Present-day models of the impact of climate change on trees diverge wildly, a fact Anderegg attributes in part to a lack of mechanistic knowledge about one of the most basic functions of plants—their use of stomata, or leaf pores, to maximize photosynthesis and minimize water loss. Understanding the strategies plants use to boost survival, particularly in stress conditions, could contribute significantly to efforts to improve forecasting models, explained Anderegg. Prevailing theories of stomatal conductance largely treat trees as singular entities with a fixed potential for photosynthesis and a finite amount of moisture to retain or lose based on environmental conditions. Upending those long-held beliefs, Anderegg introduced a new notion of stomatal function based on game theory, stating that “plants don’t operate individually—roots overlap and they regularly steal each other’s water, so the plant that’s best at stealing water maximizes its profits and wins.” Forecasting models rooted in this new approach offer less divergent predictions of the impacts of environmental stresses like drought and heat on stomatal conductance, especially at longer timescales. “It’s useful because this is what we want to be able to predict—when and where these tipping points may happen and when ecosystems may crash,” Anderegg said.
Sea level rise is another area of predictive interest for those who study climate change. Efforts to model the amount of sea level rise that can be expected over the next two centuries requires consideration of far longer timescales, explained geologist Nicolás Young, who is pioneering new techniques to better understand how the growth and retreat of glaciers and ice sheets over the past several million years may help predict future changes.
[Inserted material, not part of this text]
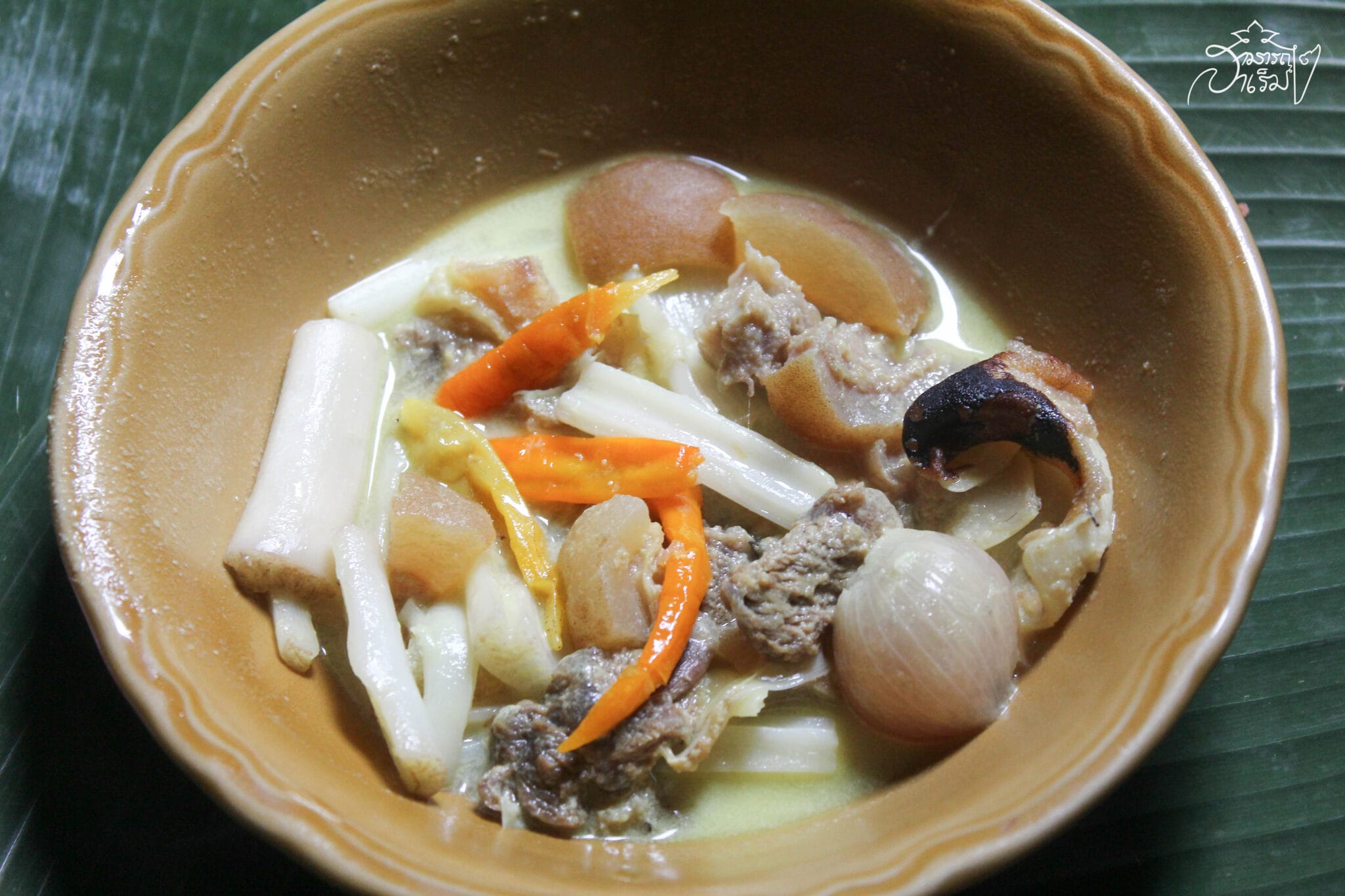 เริ่มต้นด้วยการนำหนางล้างกับน้ำเปล่าเพื่อลดความเปรี้ยวลง ใส่ตะกร้าตั้งให้เสด็จน้ำ แล้วตั้งน้ำกะทิบนเตาไฟ สำหรับวันนี้ผู้เขียนใช้เตาถ่านในการปรุงเพราะรสชาติจะออกมาอร่อยกว่าใช้เตาแก๊สมาก ตามด้วย ทุบหอมแดง ตะไคร้ กระเทียม ให้พอบุบ และซอยหัวข่าเป็นแผ่นบาง ๆ ใส่เครื่องสมุนไพรทั้งหมดข้างต้นลงไปในหม้อ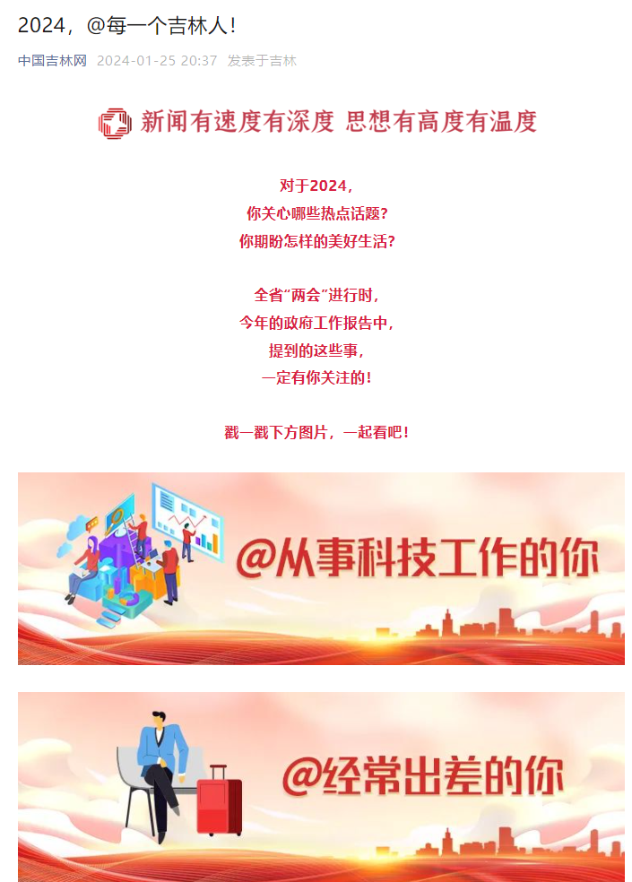 “音频海报·履职建言2024”“2024吉林两会·热看新吉林”“2024吉林两会•人大代表说”“2024吉林两会·越明赴会”等一系列栏目的推出,以影像代替文字,突出时效性,灵活而直接的叙事风格,极大提升了新闻内容的传播度和影响力。

Today’s computer models predict degrees of sea level rise based on projected CO2 emissions, but such simulations are imprecise. Young believes that the geologic record of the size of ice sheets provides the best point of comparison for improving models of future sea level rise, yet until now, scientists have only been able to determine how large ice sheets once were, not the reverse. “It’s very hard to reconstruct a smaller-than-present ice sheet,” said Young. “When a sheet grows, it leaves distinct clues on the landscape that mark its former position, and while smaller ice sheets leave the same clues, the evidence is smothered when the sheet expands again.”
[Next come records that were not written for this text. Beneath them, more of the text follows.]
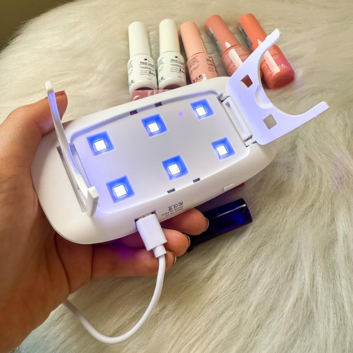Uma mini cabine LED/UV é um dispositivo compacto projetado para secar e curar esmaltes em gel e outros produtos para unhas que exigem exposição à luz UV ou LED.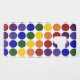 Regenbogen farbige Tupfen werden in den Reihen auf einem weißen Hintergrund vereinbart. Der Ausgleich rudert Formdiagonalen jeder Farbe: Veilchen, Indigo, Blau, Grün, Gelb, Orange und Rot.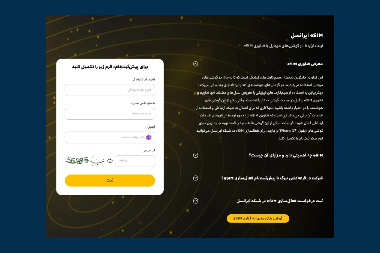 - وارد صفحهی پیشثبتنام eSIM ایرانسل شوید.

Modern analytics have allowed scientists to analyze arctic ice cores from the 1990s that also contain samples of bedrock, which offer clues to the extent of ice sheet coverage over time. These bedrock samples are the key to new techniques for determining whether current ice-covered regions have experienced periods of melting and exposure. As Young explained, certain isotopes are measurable in bedrock, and such isotopes are only present in the absence of ice cover. “The only way those isotopes can get there is if there’s no ice covering the site. It’s an on/off signal, there’s no other way to do it,” he said. By analyzing the location of an isotope-containing core relative to the sheet today, it is possible to gauge the degree to which an ice sheet or glacier has expanded or contracted over time.
Such insights are critical to building the geological record and decreasing the variability in computer simulations of future sea-level rise due to ice melt, Young explained, and demonstrate that contrary to popular belief, the Greenland Ice Sheet is surprisingly dynamic, having undergone considerable shifts in size over the past two million years.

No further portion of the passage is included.